Even if the original poster has solved this problem long ago, this sort of situation does come up frequently so here is my answer, over five years later...
This is similar to problem SLAC had when designing the "Z zero Factory" in the 1980s. Very narrow pulses would arrive from beam position sensors. Their amplitudes had to be digitized for use in steering the beams. No beam intersections, no Nobel Prize! I spend about a year working with the EEs and techs calibrating the electronics, so I've seen this before.
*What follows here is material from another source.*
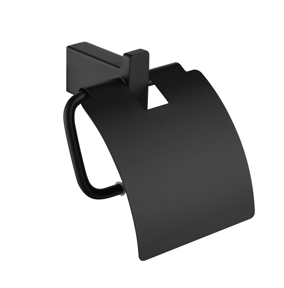 Настенный бумагодержатель с крышкой Grocenberg AC0029 (Черный матовый)
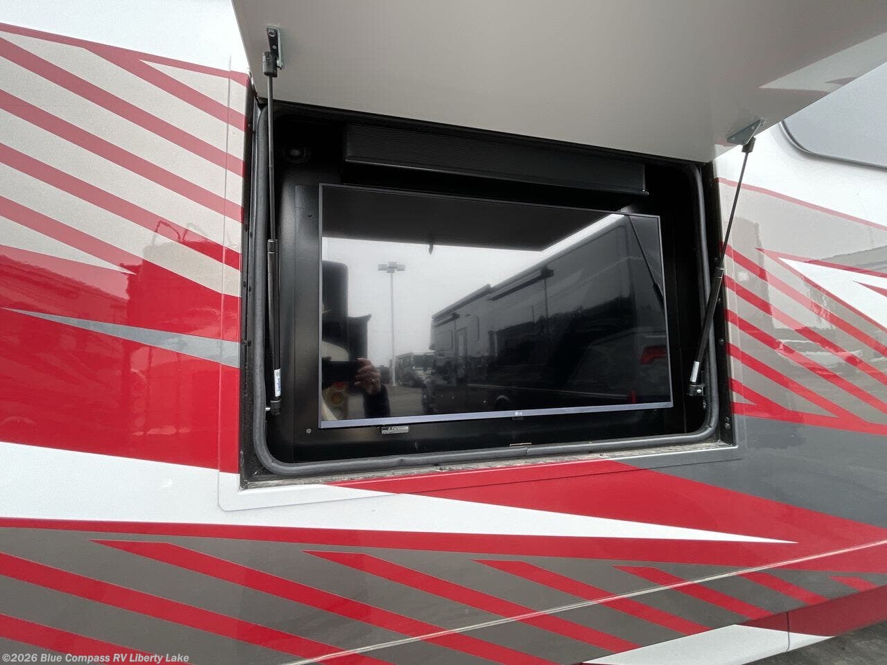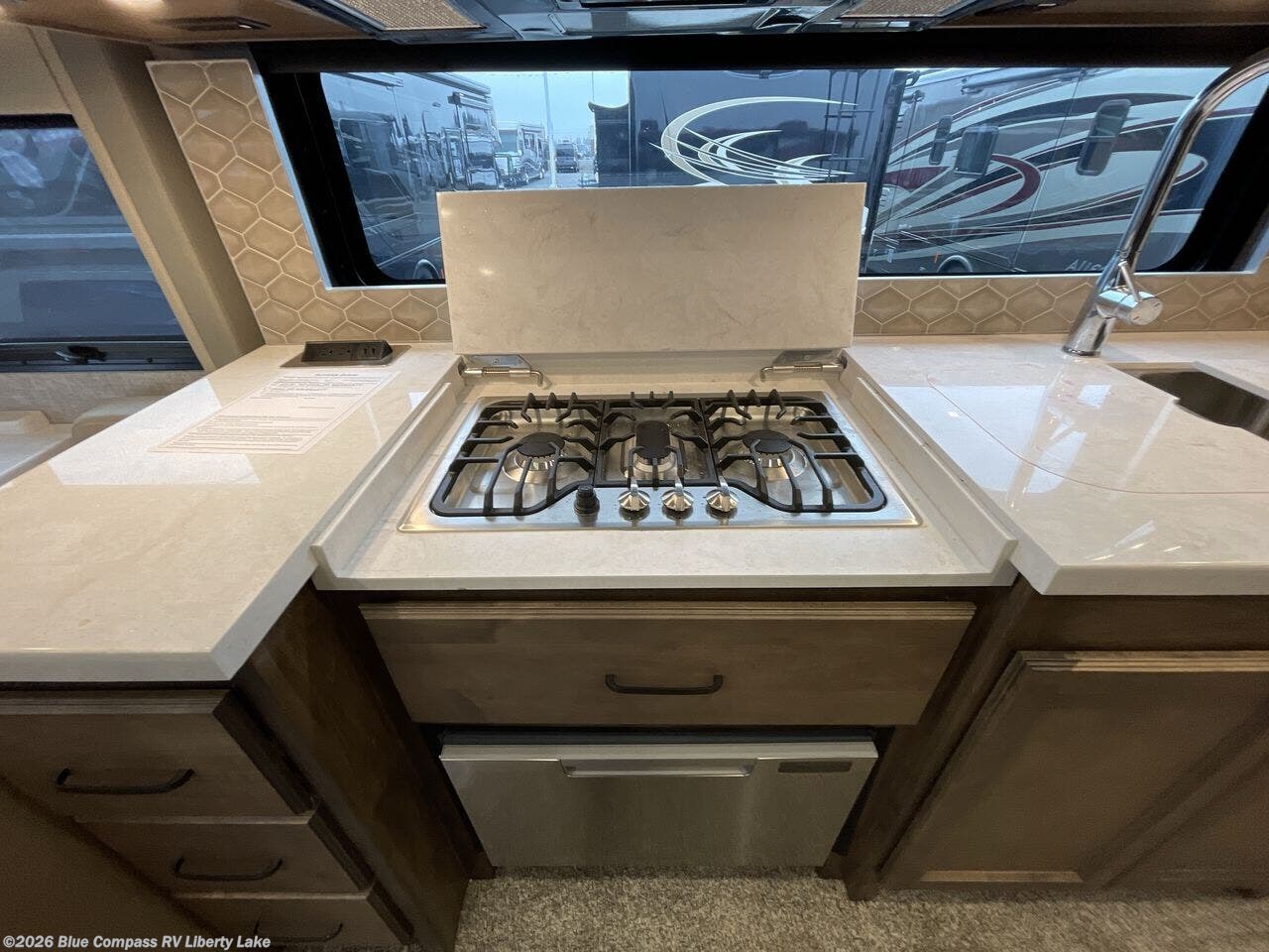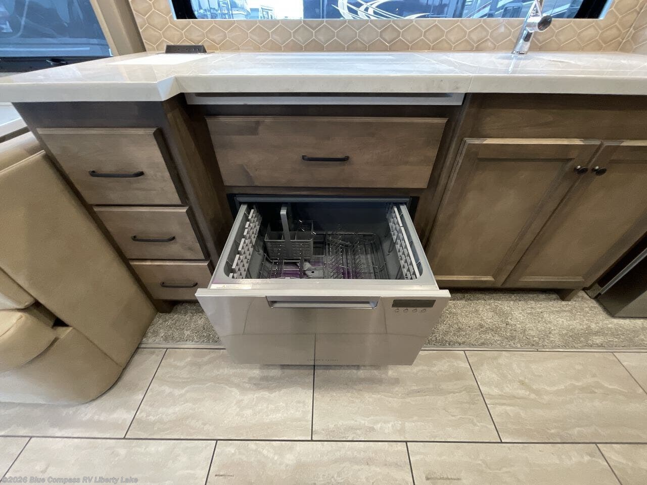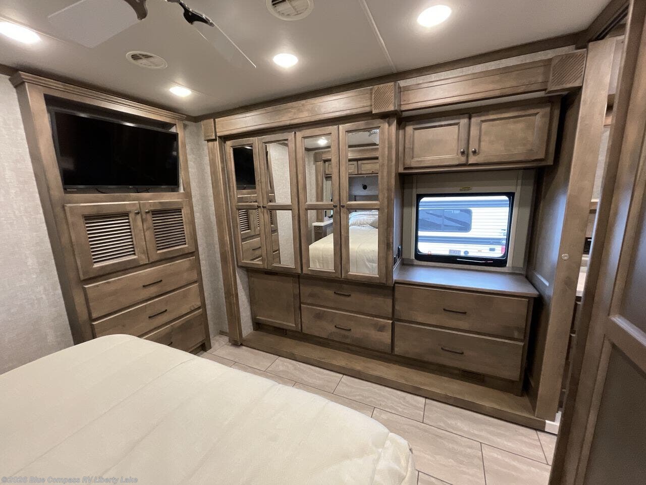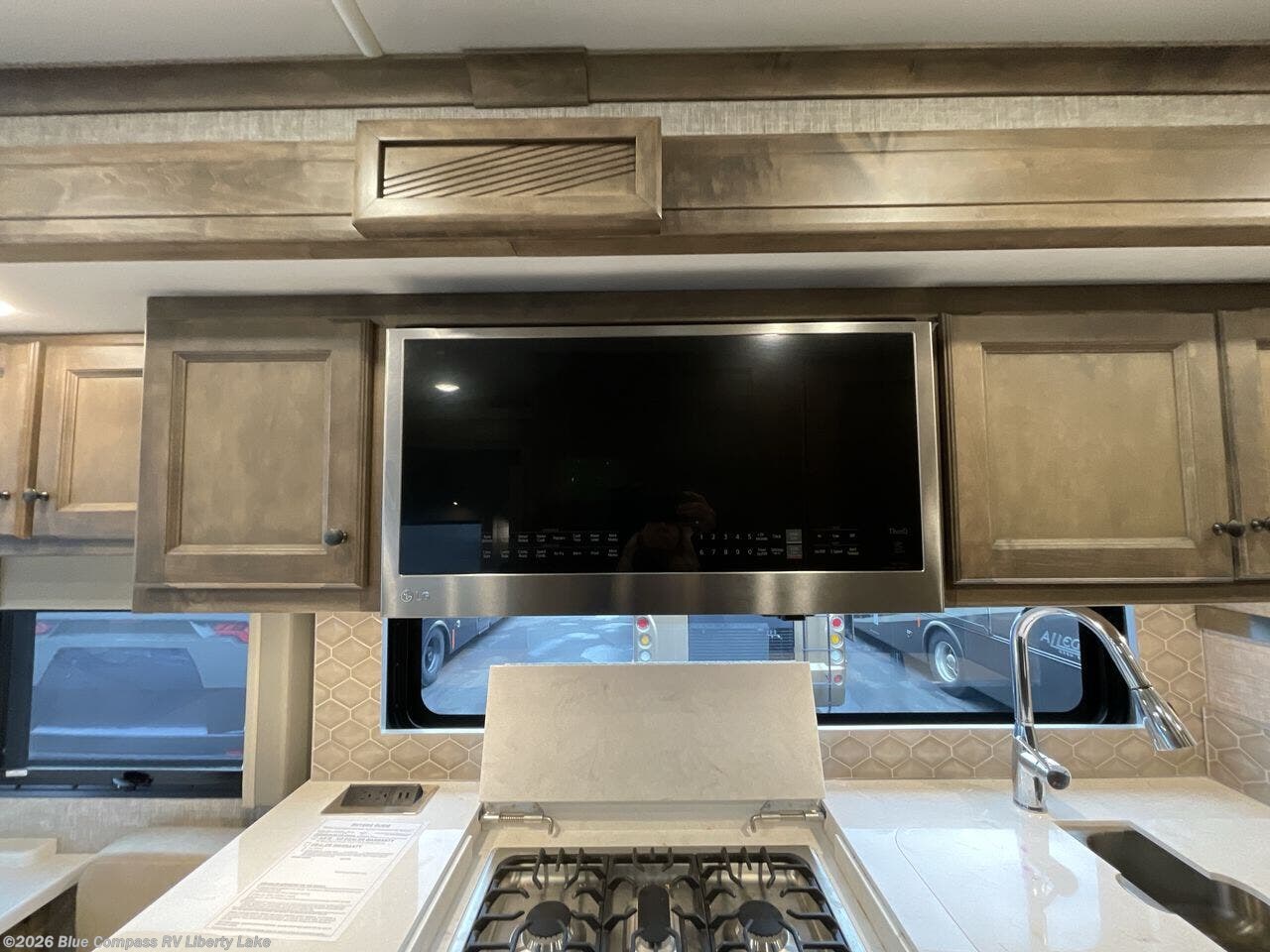 There are many standard luxurious features you will love about this motorhome! It also has many optional features you can add like the optional drop-down front bunk, the super sofa, the air coil sofa bed, or the theater seating. The king bed slide in the rear private bedroom offers a comfortable place to sleep, as well as the flip and fold sofa bed in the living area. You will love the dinette bar with a lift TV, a flip-up countertop, and two chairs that will make this the perfect place to get some work done while you're on the road. The kitchen includes everything you need to prepare meals each day, including a 1.7 cu. ft. smart convection microwave with an air fryer, a three burner liquid propane cooktop, and a 23 cu. ft. stainless steel residential refrigerator with French doors and a bottom freezer. Head to the rear master bedroom with a queen bed slide out, a large wardrobe, a cabinet with a TV and drawers below, plus a private entrance into the dual entry bath!

The pulse were first put through a passive low pass filter, specifically a Gaussian filter that would produce an approximately Gaussian-shaped (iirc) pulse with a peak occurring several nanoseconds after the input pulse. Pure LC circuitry, with no noise, slew rates or anything else to screw with the measurements. A sample/hold was triggered at the expected time of that peak. The delay of the Gaussian peak relative to the original pulse gave time for the trigger circuitry to work. The S/H used a diode bridge powered by, as I recall, four transistors arranged in an H-bridge, like a motor controller. The pulse edges of the S/H did not have to be anywhere as sharp as the edges of the original input pulse, though sharp by any ordinary standards.
We did not try to make diode-based peak detector as in the diagram you show. The forward bias of the diode would make calibration at lower beam intensities (smaller pulses) difficult. You overcome forward bias with an op amp, a standard textbook circuit perfect for such things in audio and sub-MHz applications, but for accurate measurement, forget it. Gain-bandwidth product, slew rate, stray capacitance, blah!
Good results are obtained with passive filter pre-processing, then using digitization techniques that are still quite fast but able to handle pulses on a scale of tens of nanoseconds.